DATA SECTION
»»
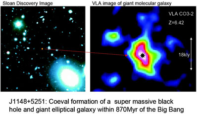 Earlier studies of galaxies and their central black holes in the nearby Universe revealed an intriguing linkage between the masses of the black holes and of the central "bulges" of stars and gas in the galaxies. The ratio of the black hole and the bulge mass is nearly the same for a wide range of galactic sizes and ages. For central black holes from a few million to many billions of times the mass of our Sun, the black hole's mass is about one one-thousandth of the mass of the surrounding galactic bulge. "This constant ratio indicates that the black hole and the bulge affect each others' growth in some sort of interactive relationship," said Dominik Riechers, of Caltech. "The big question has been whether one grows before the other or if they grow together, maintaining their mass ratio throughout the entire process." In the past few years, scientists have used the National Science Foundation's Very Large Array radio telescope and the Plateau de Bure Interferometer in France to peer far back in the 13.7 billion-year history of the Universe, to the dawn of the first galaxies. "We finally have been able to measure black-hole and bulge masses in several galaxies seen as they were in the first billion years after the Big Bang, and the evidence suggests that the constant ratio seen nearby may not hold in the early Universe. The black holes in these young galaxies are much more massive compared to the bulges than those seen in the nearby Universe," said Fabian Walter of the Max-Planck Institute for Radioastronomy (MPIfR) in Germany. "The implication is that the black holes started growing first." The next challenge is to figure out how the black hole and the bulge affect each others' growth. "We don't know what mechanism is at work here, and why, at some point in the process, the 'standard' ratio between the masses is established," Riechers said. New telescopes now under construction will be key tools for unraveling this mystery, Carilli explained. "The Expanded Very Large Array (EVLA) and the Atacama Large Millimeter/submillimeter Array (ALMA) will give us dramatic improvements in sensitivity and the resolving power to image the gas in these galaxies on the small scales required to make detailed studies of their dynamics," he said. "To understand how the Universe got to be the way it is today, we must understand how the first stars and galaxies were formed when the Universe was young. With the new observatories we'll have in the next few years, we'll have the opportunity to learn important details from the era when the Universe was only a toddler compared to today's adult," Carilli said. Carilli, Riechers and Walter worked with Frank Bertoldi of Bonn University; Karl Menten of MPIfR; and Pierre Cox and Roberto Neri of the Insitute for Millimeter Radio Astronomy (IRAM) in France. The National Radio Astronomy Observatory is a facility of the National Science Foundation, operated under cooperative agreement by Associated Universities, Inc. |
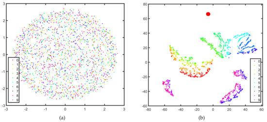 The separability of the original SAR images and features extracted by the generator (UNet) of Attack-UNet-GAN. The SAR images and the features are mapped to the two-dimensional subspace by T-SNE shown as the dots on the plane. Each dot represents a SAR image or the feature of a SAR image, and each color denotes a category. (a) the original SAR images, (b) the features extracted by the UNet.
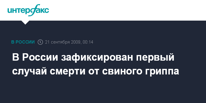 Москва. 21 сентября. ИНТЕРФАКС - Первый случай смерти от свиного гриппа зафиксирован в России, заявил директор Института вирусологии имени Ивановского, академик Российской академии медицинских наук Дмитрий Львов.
««
DIRECTIONS FOR THIS TASK
The whole listing above, word for word: repeat it with the pictures excluded.

TASK RESPONSE
 Earlier studies of galaxies and their central black holes in the nearby Universe revealed an intriguing linkage between the masses of the black holes and of the central "bulges" of stars and gas in the galaxies. The ratio of the black hole and the bulge mass is nearly the same for a wide range of galactic sizes and ages. For central black holes from a few million to many billions of times the mass of our Sun, the black hole's mass is about one one-thousandth of the mass of the surrounding galactic bulge. "This constant ratio indicates that the black hole and the bulge affect each others' growth in some sort of interactive relationship," said Dominik Riechers, of Caltech. "The big question has been whether one grows before the other or if they grow together, maintaining their mass ratio throughout the entire process." In the past few years, scientists have used the National Science Foundation's Very Large Array radio telescope and the Plateau de Bure Interferometer in France to peer far back in the 13.7 billion-year history of the Universe, to the dawn of the first galaxies. "We finally have been able to measure black-hole and bulge masses in several galaxies seen as they were in the first billion years after the Big Bang, and the evidence suggests that the constant ratio seen nearby may not hold in the early Universe. The black holes in these young galaxies are much more massive compared to the bulges than those seen in the nearby Universe," said Fabian Walter of the Max-Planck Institute for Radioastronomy (MPIfR) in Germany. "The implication is that the black holes started growing first." The next challenge is to figure out how the black hole and the bulge affect each others' growth. "We don't know what mechanism is at work here, and why, at some point in the process, the 'standard' ratio between the masses is established," Riechers said. New telescopes now under construction will be key tools for unraveling this mystery, Carilli explained. "The Expanded Very Large Array (EVLA) and the Atacama Large Millimeter/submillimeter Array (ALMA) will give us dramatic improvements in sensitivity and the resolving power to image the gas in these galaxies on the small scales required to make detailed studies of their dynamics," he said. "To understand how the Universe got to be the way it is today, we must understand how the first stars and galaxies were formed when the Universe was young. With the new observatories we'll have in the next few years, we'll have the opportunity to learn important details from the era when the Universe was only a toddler compared to today's adult," Carilli said. Carilli, Riechers and Walter worked with Frank Bertoldi of Bonn University; Karl Menten of MPIfR; and Pierre Cox and Roberto Neri of the Insitute for Millimeter Radio Astronomy (IRAM) in France. The National Radio Astronomy Observatory is a facility of the National Science Foundation, operated under cooperative agreement by Associated Universities, Inc. |
 The separability of the original SAR images and features extracted by the generator (UNet) of Attack-UNet-GAN. The SAR images and the features are mapped to the two-dimensional subspace by T-SNE shown as the dots on the plane. Each dot represents a SAR image or the feature of a SAR image, and each color denotes a category. (a) the original SAR images, (b) the features extracted by the UNet.
 Москва. 21 сентября. ИНТЕРФАКС - Первый случай смерти от свиного гриппа зафиксирован в России, заявил директор Института вирусологии имени Ивановского, академик Российской академии медицинских наук Дмитрий Львов.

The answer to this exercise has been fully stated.